In one piece, Vantage Point, I make references to domestic labor, a recurring theme in my work. As a mother and artist constantly working with my hands, I often feel as though I’m in a continuous state of physical labor. This piece shows a little girl looking beyond the frame, away from images of women that represent the societal expectations placed on her to perform labor or present in a way that’s deemed “respectable.” In another piece I’m working on, the same image of the little girl is presented, but more of the background is visible, giving the viewer more information about a particular place and time in history. It’s a way of working in multiples as a printmaker, but exploring the possibilities of the medium in a way that’s more concerned with seeing an image or an idea with new eyes each time, as opposed to creating a reproduction.

LS: Could you detail your approach to using color?

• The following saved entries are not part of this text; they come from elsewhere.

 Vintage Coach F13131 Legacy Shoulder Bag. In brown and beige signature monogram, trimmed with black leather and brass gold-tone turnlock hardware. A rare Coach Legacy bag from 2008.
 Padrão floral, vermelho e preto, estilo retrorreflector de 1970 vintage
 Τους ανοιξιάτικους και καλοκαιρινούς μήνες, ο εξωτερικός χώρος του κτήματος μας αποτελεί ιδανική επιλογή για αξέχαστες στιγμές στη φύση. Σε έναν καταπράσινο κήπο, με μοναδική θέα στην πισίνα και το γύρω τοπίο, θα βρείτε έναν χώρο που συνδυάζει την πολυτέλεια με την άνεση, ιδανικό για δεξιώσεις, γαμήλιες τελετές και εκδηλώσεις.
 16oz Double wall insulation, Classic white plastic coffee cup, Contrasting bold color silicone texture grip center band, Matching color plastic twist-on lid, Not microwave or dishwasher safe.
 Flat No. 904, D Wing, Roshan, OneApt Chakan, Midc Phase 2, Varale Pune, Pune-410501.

SS: In an area of the textile work Safe Passage, there’s a maternal figure standing in a protective stance with two children. The image of her and the children is repeated and changes to a sort of ‘haint blue’ as they move through a portal or passageway. I chose this blue color as an homage to the way it’s historically been used in the American south by people of African descent to ward off evil spirits, by mimicking the color of sky or water. My use of color often points to historical and/or symbolic meanings, or serves as an annotation.
LS: Are there other touch-points to help us understand your practice?

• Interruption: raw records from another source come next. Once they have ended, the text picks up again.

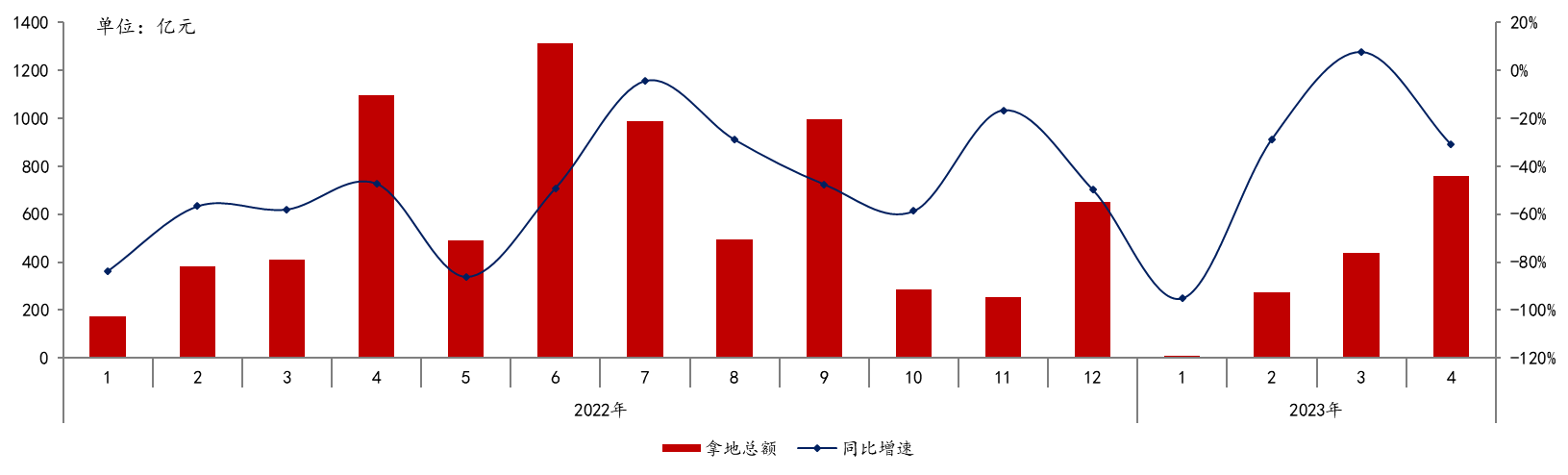 图:2022-2023年4月50家代表房企每月拿地总额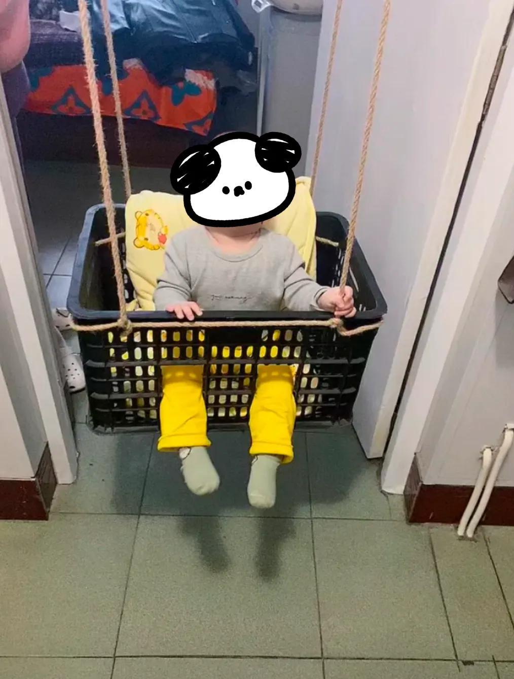 沒想到吧,水果筐還能當鞦韆用,剪開兩側的網格,剛好能讓雙腿自然垂落,用粗麻繩穿過筐體四角的孔洞,放個靠墊坐墊,就是一個鞦韆了!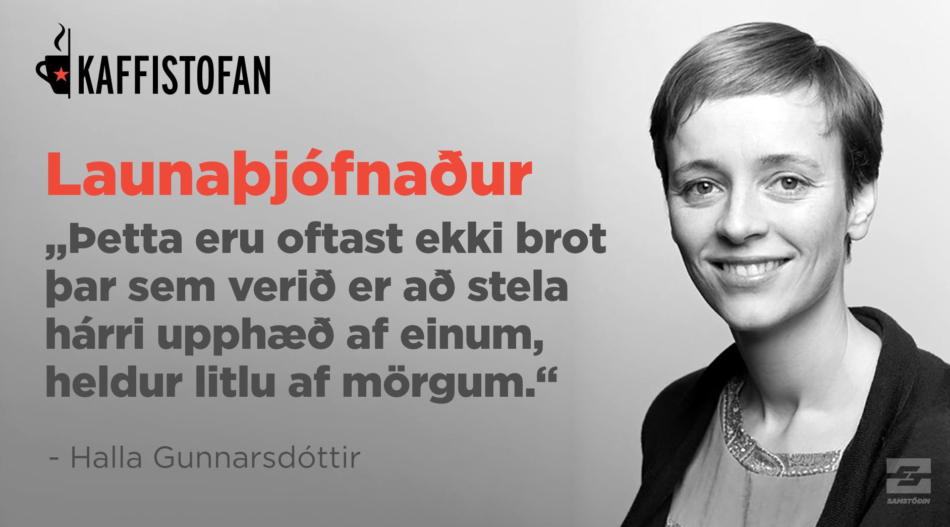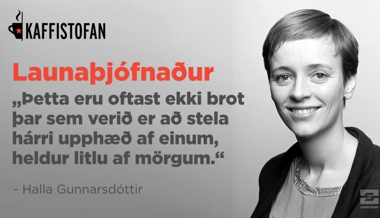Halla Gunnarsdóttir og Hjalti Tómasson litu við á Kaffistofuna á fimmtudagskvöldið til að ræða það sem mörgum okkar er framandi og gefa okkur smá innsýn í málið. Þar sagði Halla meðal annars: „Þetta eru oftast ekki brot þar sem verið er að stela eitthvað brjálæðislegri upphæð af einum, heldur litlu af mörgum.“
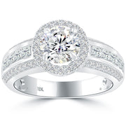 2.14 Carat G-SI1 Natural Round Diamond Engagement Ring 18k White Gold Pave Halo
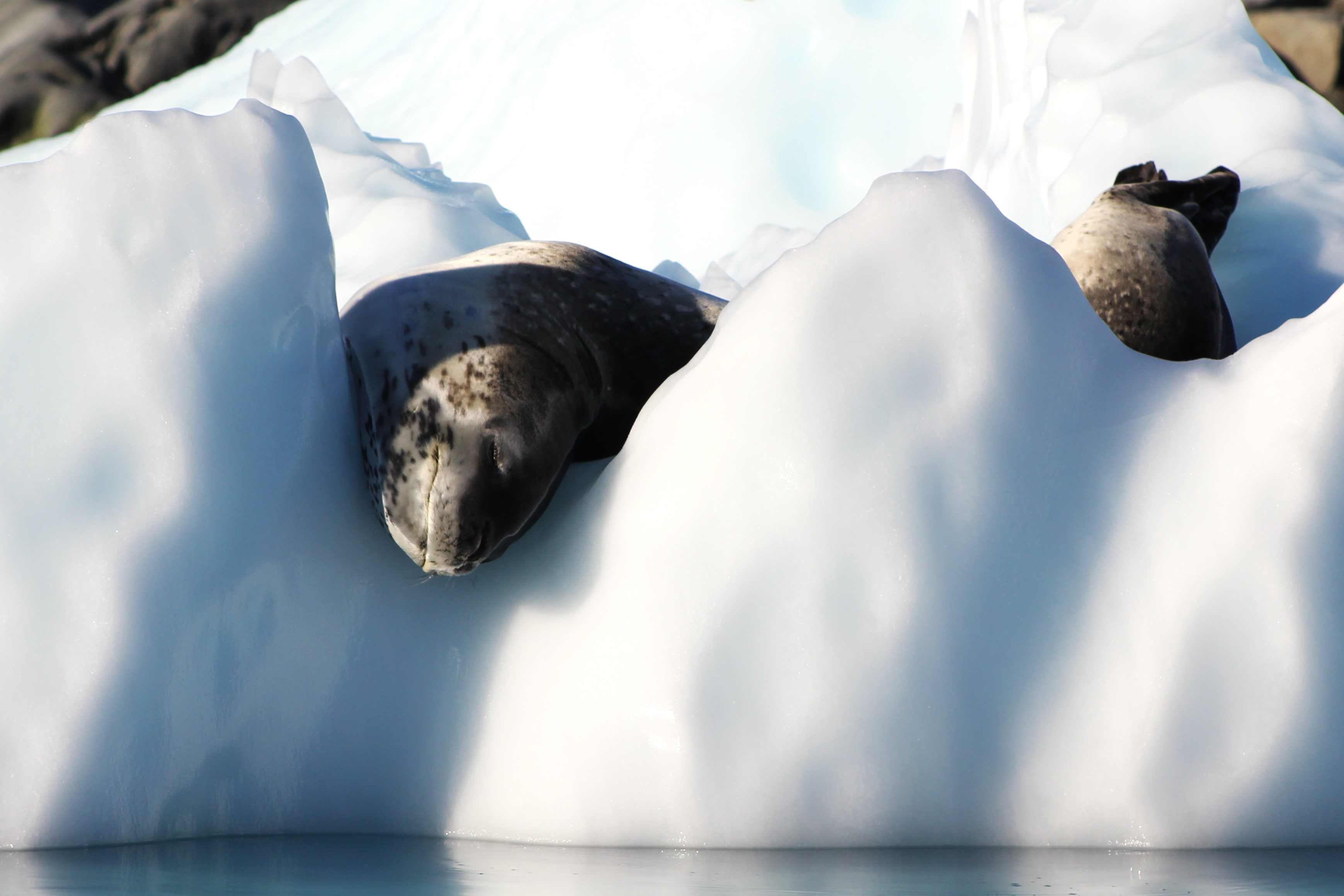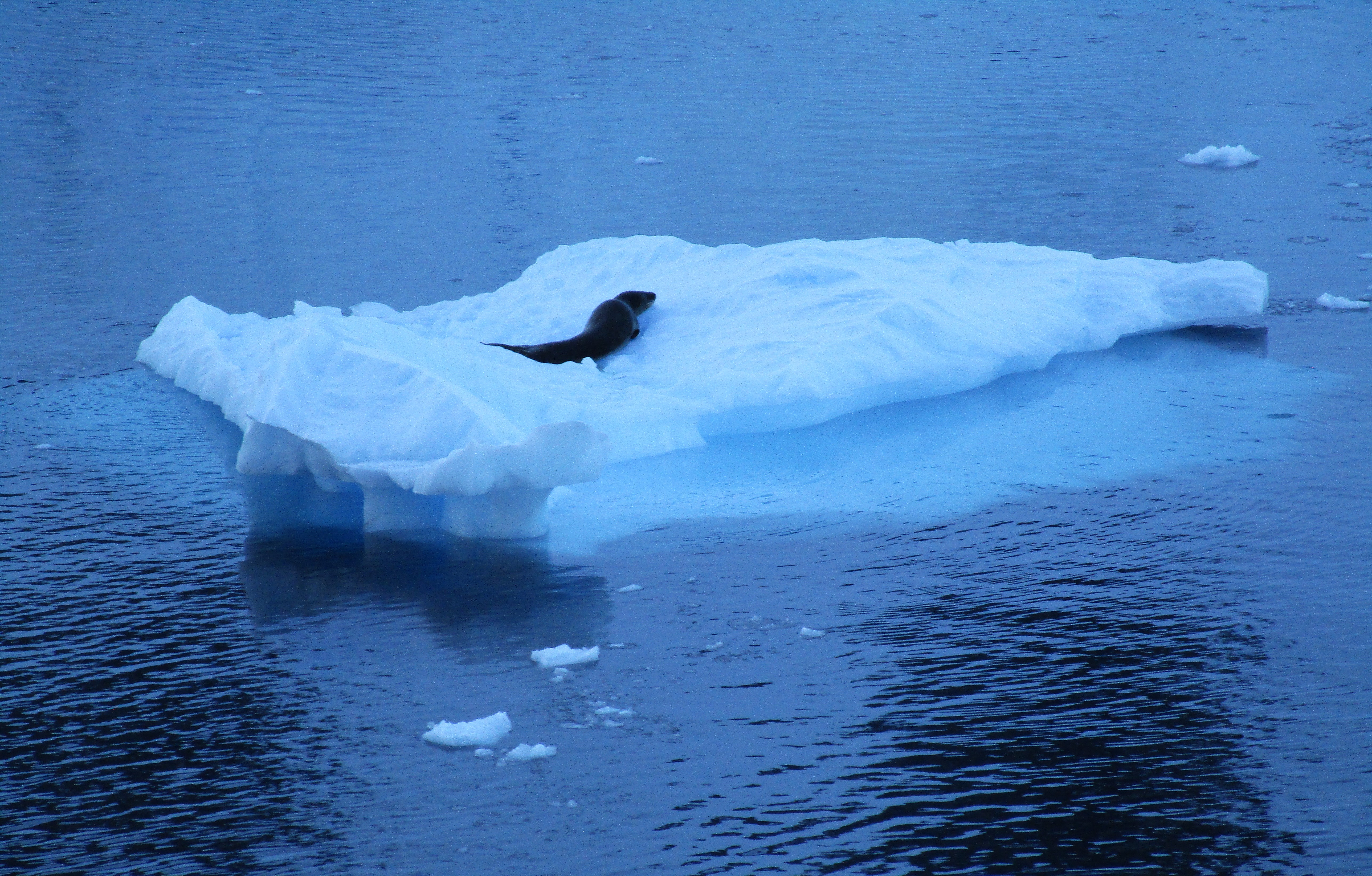 IMG_4471 IMG_4498 IMG_4507 IMG_4518v1 IMG_4521 Caught a leopard seal relaxing on an iceberg. You can’t see it in the picture but just behind the seal was a large red area where it apparently had just finished a meal.

SS: Much of my work is influenced by our cultural and literary luminaries, such as bell hooks, Toni Morrison, Christina Sharpe and Tina Campt. The concept of the ‘oppositional gaze’ is central to my work: this idea and term coined by bell hooks to describe looking as an act of rebellion and site of resistance; a way for Black people to reject structures of domination and maintain our agency. Some images in my work show subjects looking off to the side, conveying a lack of concern for the viewer’s perception, while others feature a direct gaze, inviting interaction. My hope is always to encourage an engagement with the work, so that people can find a piece of it that resonates with their experiences or challenges their perceptions.

LS: Could you discuss your process regarding your materials and techniques, including printmaking, sewing, and embroidery?
SS: I often screenprint a number of images by hand and wait to use them until something speaks to me. I tend to work with a set of images at a time, and pieces will come together in conversation with each other. Hand-painting, embroidery and appliqué are ways of adding layers of time and memory. All of the quilted pieces I make are unique works constructed with hand and machine techniques, and I typically start with solid-color quilter’s cotton to allow room for adding pattern and texture that feels specific to a particular piece.
LS: What impact do you hope to have on your audience’s understanding of the themes you explore in your work?
SS: I want to invite a slower process, encouraging viewers to take their time rather than quickly moving on. I’ll refer back to Safe Passage, which references escape or finding a secure route, and points to historical moments like passage through the Underground Railroad, or the current situation in Palestine where folks have been relentlessly attacked while trying to escape genocide via designated roads that have been deemed ‘safe.’ I think a lot about our fugitive selves and how we move away from structures of domination and find spaces of recovery. This is an ongoing concern that extends through many generations and across many cultures. In making this work, I’m asking: what lessons can we learn from the past to prepare for the future?